2. Load Processed Data:

 - Load test user and review datasets (processed_test_users.csv and processed_test_reviews.csv).
 - Index the data by accommodation_id for efficient filtering.

3. Batch Prediction:

 - Iterate over accommodations in batches of size N.
 - For each batch:
     - Tokenize and encode review and user feature data.
     - Pass the encoded data through their respective models to generate embeddings.
     - Use mean pooling to compute sequence embeddings.

4. Similarity Computation:

 - Compute similarity scores between user-accommodation embeddings and review embeddings.
 - Identify the top 10 most relevant reviews for each user-accommodation pair.

5. Prepare Submission File:

 - Append results to the submission file, ensuring each row contains:
     - accommodation_id
     - user_id
     - The IDs of the top 10 matching reviews (or placeholders if fewer than 10 reviews are available).

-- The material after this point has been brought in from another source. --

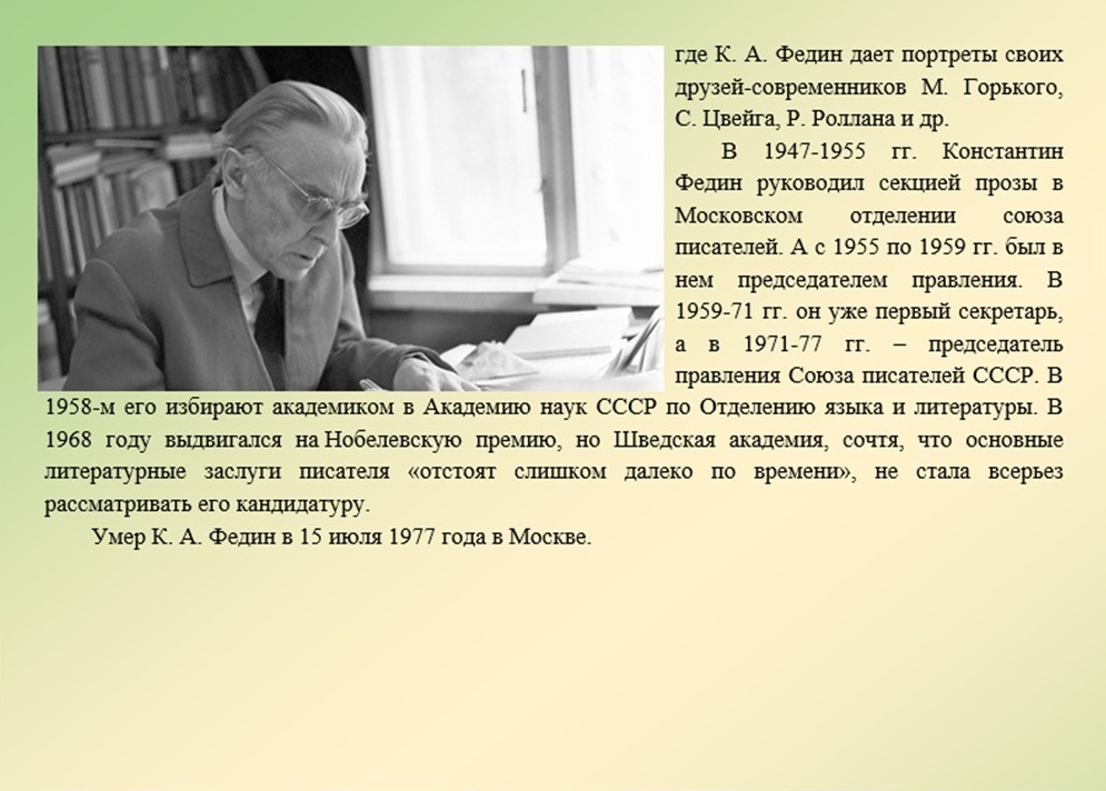 Литературные юбилеи 2022 года. Константин Александрович Федин

6. Optimize Resource Usage:

 - Clear GPU memory (torch.cuda.empty_cache()) after processing each batch to ensure efficient resource usage.

7. Finalize Submission:

 - Add a unique ID column to the submission file.
 - Save the final submission as a CSV file in the specified directory.

In [13]:
import pandas as pd
import torch
from transformers import AutoTokenizer, AutoModel
from tqdm import tqdm
from utils.model_utils import mean_pooling

In [15]:
def prepare_submission(user_accommodation_embeddings, review_embeddings, users_df, reviews_df):
    submission = []

    for idx, row in users_df.iterrows():
        user_id = row['user_id']
        accommodation_id = row['accommodation_id']

        # Get the corresponding embedding
        user_accommodation_embedding = user_accommodation_embeddings[idx]  # Shape: (embedding_dim,)

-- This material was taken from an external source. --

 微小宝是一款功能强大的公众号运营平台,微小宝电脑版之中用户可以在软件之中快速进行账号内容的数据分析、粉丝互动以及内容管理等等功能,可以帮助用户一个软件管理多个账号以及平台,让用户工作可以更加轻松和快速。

        # Find all reviews for this accommodation
        relevant_reviews = reviews_df[reviews_df['accommodation_id'] == accommodation_id]

        if relevant_reviews.empty:
            continue  # No reviews for this accommodation

        # Encode only the relevant reviews
        relevant_review_embeddings = review_embeddings[relevant_reviews.index]  # Shape: (num_reviews_for_accommodation, embedding_dim)

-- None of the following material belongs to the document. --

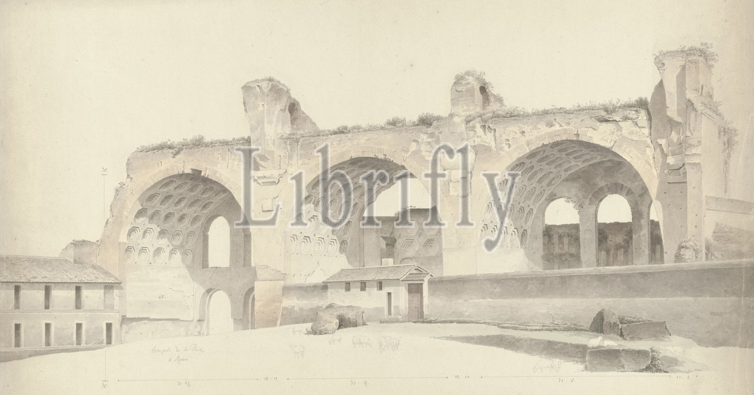 Basilica, Maxentius, Constantine, Rome, Drawing, group, 46 drawings, studies, mainly cityscapes, landscapes, Ruin, building, architecture, Roman Forum, Josephus Augustus Knip, Italy, c, 1809, 1812, paper, graphite, mineral, watercolor, paint, brush

        # Compute similarity scores
        similarity_scores = (relevant_review_embeddings @ user_accommodation_embedding.T).detach().cpu().numpy()

        # Get top 10 most similar reviews
        top_review_indices = similarity_scores.argsort()[-10:][::-1]  # Get top 10 indices

        # Retrieve the corresponding review IDs
        top_review_ids = relevant_reviews.iloc[top_review_indices]['review_id'].tolist()

        # Ensure we have exactly 10 reviews (fill with -1 if not enough)
        while len(top_review_ids) < 10:
            top_review_ids.append(-1)  # Placeholder for missing reviews

        # Store result
        submission.append([accommodation_id, user_id] + top_review_ids)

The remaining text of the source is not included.